Plugin error from dada2:

An error was encountered while running DADA2 in R (return code 1), please inspect stdout and stderr to learn more.

See above for debug info.

Thank you so much for the attention,
Alex

Hi @alexcussigh0,

The key lies in this line of the traceback:

Error rates could not be estimated (this is usually because of very few reads).

It looks like too many of your reads are being filtered out, which is not allowing for an error matrix to be created within DADA2. I would recommend easing up on your trunc-len param, because this is what's filtering out all of your reads - you will essentially never see amplicons with a bp length that short.
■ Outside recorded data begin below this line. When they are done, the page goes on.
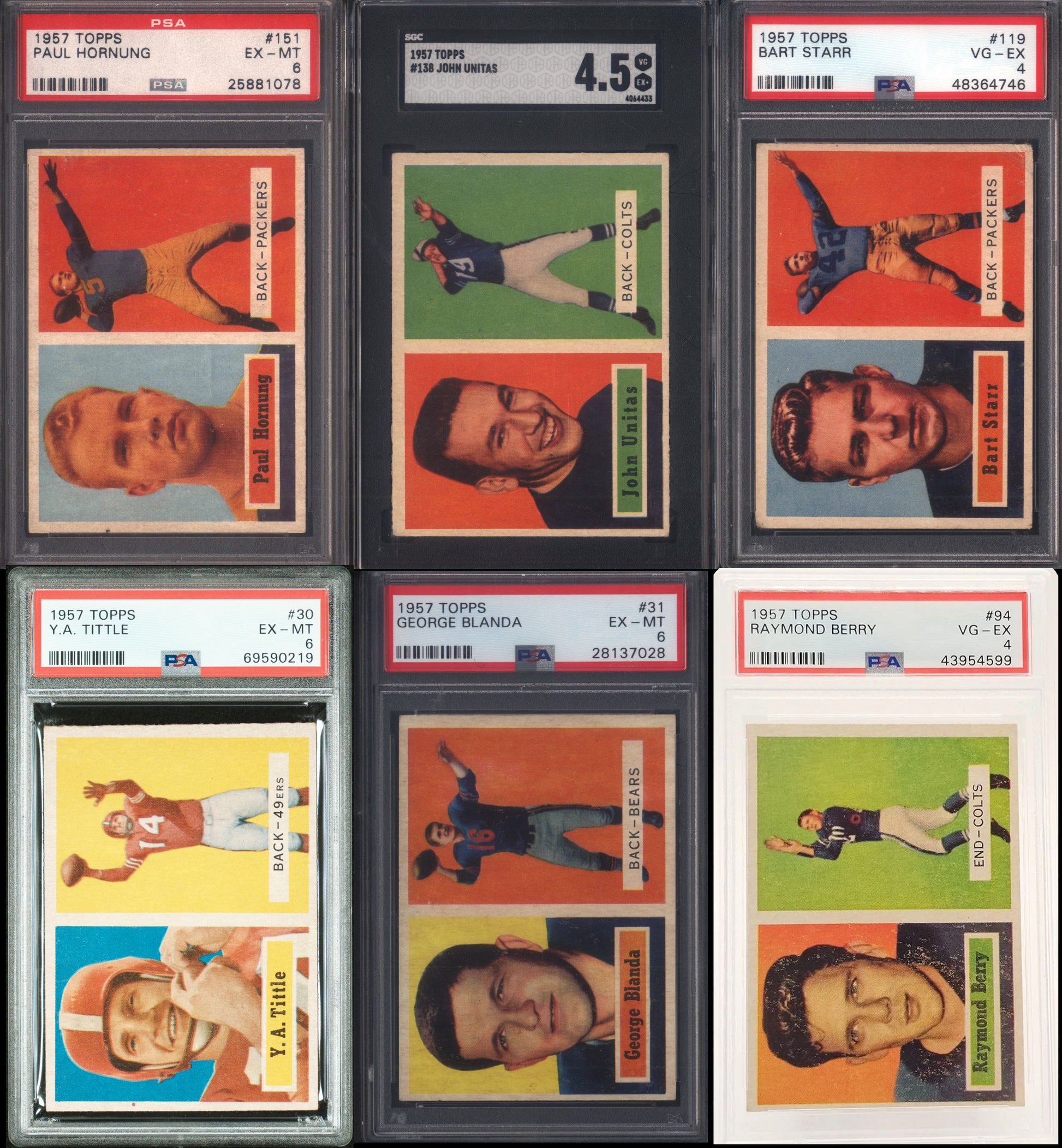 1957 Topps Football Set Break 154 Spot Random Card. This set is highlighted by the Bart Starr Rookie PSA 4, Johnny Unitas Rookie SGC 4.5, Paul Hornung Rookie PSA 6, Raymond Berry Rookie PSA 4, Y.A. Tittle PSA 6, and George Blanda PSA 6. 6 total cards have been graded by PSA & SGC. There are a total of 154 cards in this 1957 Topps Football set break.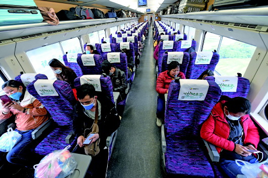 2月19日,广西首趟定制复工专列从百色站发出,开往广州南站。广西百色市700多名务工人员乘专列赴粤返岗复工。 新华社记者陆波岸摄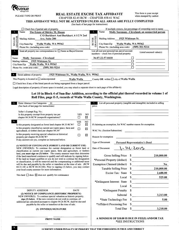 | 2 | 01/14/2015 | DPR | DEED OF PERSONAL REPRESENTATIVE | HOZAN SHIRLEY M ESTATE OF | SORENSON-CLEVELAND MOLLY | | | $210,000.00 | 127328 | 2015-00682 |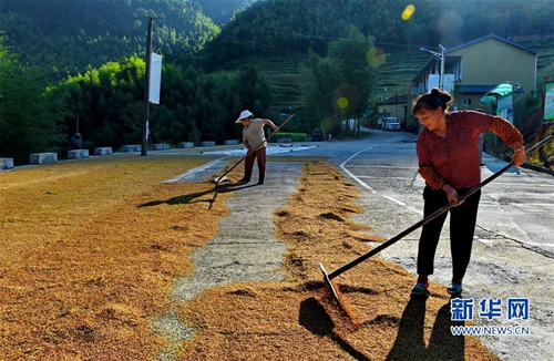 9月20日,武夷山市吴屯乡后源村村民在晒稻谷。新华社记者 张国俊 摄

If you're unsure of where to trim or truncate your reads, I'd recommend looking at the interactive quality plot from demux summarize to make an informed decision.

Cheers :lizard:

Before this, I have already run the command with trunc-len 0 and I have got the same error :confused:

@alexcussigh0 it sounds like an issue with your data then vs. with your filtering. Can you share your demux.qza file (either in your response or in a direct message, whichever you prefer)?
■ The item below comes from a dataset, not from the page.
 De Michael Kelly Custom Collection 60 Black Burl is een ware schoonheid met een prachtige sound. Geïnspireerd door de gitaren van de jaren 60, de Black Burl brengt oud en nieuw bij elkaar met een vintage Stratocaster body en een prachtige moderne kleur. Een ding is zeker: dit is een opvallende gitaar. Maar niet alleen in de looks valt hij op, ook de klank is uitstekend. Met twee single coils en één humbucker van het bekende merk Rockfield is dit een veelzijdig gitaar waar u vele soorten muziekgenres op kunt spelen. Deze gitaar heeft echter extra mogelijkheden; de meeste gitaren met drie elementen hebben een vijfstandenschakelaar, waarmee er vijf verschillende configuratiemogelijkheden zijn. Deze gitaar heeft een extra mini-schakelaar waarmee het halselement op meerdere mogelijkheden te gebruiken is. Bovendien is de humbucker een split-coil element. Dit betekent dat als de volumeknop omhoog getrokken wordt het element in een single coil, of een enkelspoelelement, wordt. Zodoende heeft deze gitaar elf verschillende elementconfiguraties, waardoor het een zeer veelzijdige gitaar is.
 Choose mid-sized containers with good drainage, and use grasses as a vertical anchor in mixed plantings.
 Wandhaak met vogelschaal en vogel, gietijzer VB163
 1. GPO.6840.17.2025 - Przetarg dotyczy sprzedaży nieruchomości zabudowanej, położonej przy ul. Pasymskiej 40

@lizgehret thank you so much!
Here the link with the demux file

Hello @alexcussigh0,

Unfortunately it looks like @lizgehret was right. If you look at your demux visualizer
12s_demux.qzv (311.7 KB), you can see that there has been some serious read trimming. Your median read length is ~37 nt for both forward and reverse, far too short to merge. From looking at the quality plots, there is a steep drop off in read quality around this position. One guess as to what happened is that this was essentially a failed run but the sequencing center quality trimmed most of the reads and gave you what was left over.
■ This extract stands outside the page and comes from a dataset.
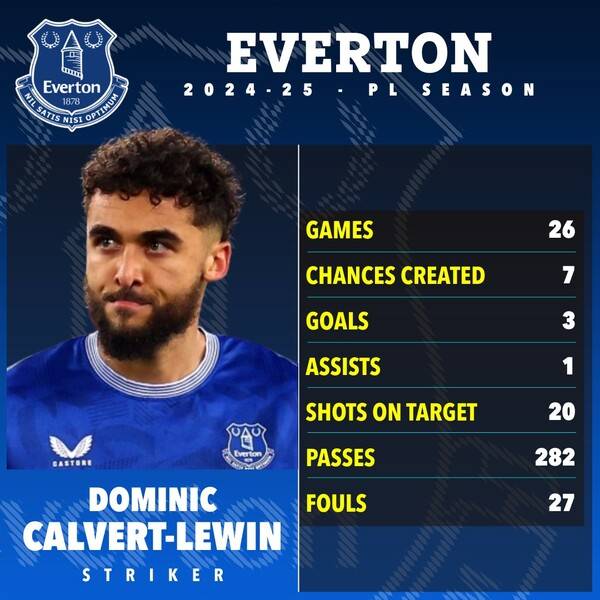 칼버트-르윈은 잉글랜드 국적의 1997년생 젊은 스트라이커로, 189cm에 달하는 큰 키를 갖춰 포스트 플레이에 강점을 보인다. 다만 잦은 부상이 단점으로 지목되며, 그로 인해 경기력의 편차가 큰 편이다.

If you are determined to move forward with these data, some more quality control would be necessary, but you're looking at probably only being able to use 10% or so of the sequences.

Thanks @colinvwood,
somehow I managed to carry on the analysis settin p-trim-left-f/r 45 so I removed all the Ns present at the beginning of the reads!
The results are still underwhelming ahah

This topic was automatically closed 31 days after the last reply. New replies are no longer allowed.